#womenintranslation – Historical Translators and Interpreters

historical translatorsIn this Women in Translation Month blog post we are looking at important female translators and interpreters from the last six centuries, from Catherine Parr to Grace Bagnato.

Did we miss anyone you’d like to see included in this list? Let us know by commenting below or just send us an email at enquiries@firstedit.co.uk!

Catherine Parr
(1512-1548)
Queen of England & French, Latin, Italian and Spanish translator
Catherine Parr is well-known as the sixth and last wife of the notorious Henry VIII. Not many know, however, that she was a well-educated lady and also the first woman in English history to publish a book under her own name! She was a polyglot who translated religious texts from French, Latin, Italian and Spanish.

Anne Bacon
(1527-1610)
Tutor to Edward VI of England & Latin, Italian, French, Greek translator
She grew up in an influential and wealthy family. Her father was keen on getting his sons and daughters a good education, including instruction in various languages. Anne was very much interested in Protestantism and translated several religious documents into English. She had a sister, the linguistically similarly talented Lady Elizabeth Hoby who also did translations from many languages into English.

Krotoa
(1643-1674)
Khoi-Dutch interpreter
Krotoa, a young Khoi girl started work at the house of Cape Colony’s first governor, Jan van Riebeeck at the age of 12. Here she learnt Dutch and Portuguese and soon started acting as an interpreter for Dutch tradesmen.
She didn’t find her interpreter’s life an easy one as she was torn between her love of her own nation and the Dutch, and at times she found it difficult to navigate the two worlds.

Sacagawea
(1788-1812)
Shoshone-Hidatsa interpreter
As a child she was kidnapped from her village and later sold to become a Quebecois trapper’s wife. Sacagawea travelled with the Lewis and Clark expedition and according to some accounts she worked together with his French and Hidatsa speaking husband to interpret for the expedition and various Native American tribes through some kind of chain interpretation.
Sacagawea’s story was widely known and she became a suffragist symbol in the early twentieth century.

Constance Garnett
(1861-1946)
Russian-to-English literary translator
She was born in Brighton but read Latin and Greek in Cambridge on a government scholarship. Later she moved to London. It was only in her thirties that she started studying Russian and she soon began translating from this language. During her lifetime, she produced more than 70 translated volumes from the works of Tolstoy, Gogol, Dostoyevsky, Turgenev, Chekhov and many other notable Russian authors.

Grace Bagnato
(1891-1950)
The first female court interpreter in Canada
She was born in Pennsylvania into an Italian family, then as a young child of 5, she moved to Toronto with her parents.
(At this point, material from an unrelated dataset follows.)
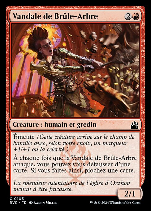 |  Variations— Parts— | Vândala da Árvore Flamejante2 / 1 Tumulto (Esta criatura entra no campo de batalha com um marcador +1/+1 ou ímpeto, à sua escolha.) Toda vez que Vândala da Árvore Flamejante ataca, você pode descartar um card. Se fizer isso, compre um card.

Like many first-generation immigrants, her parents wanted her to assimilate and fit in perfectly, and so they didn’t teach her their mother tongue, Italian. She only learnt it later in life when she married her husband who also had Italian origins. She also spoke other immigrant languages, such as German, Ukrainian, Yiddish and Polish as she was determined to help newcomers in Canada who might not speak the country’s languages.
She became the first official female court interpreter in Toronto in 1921.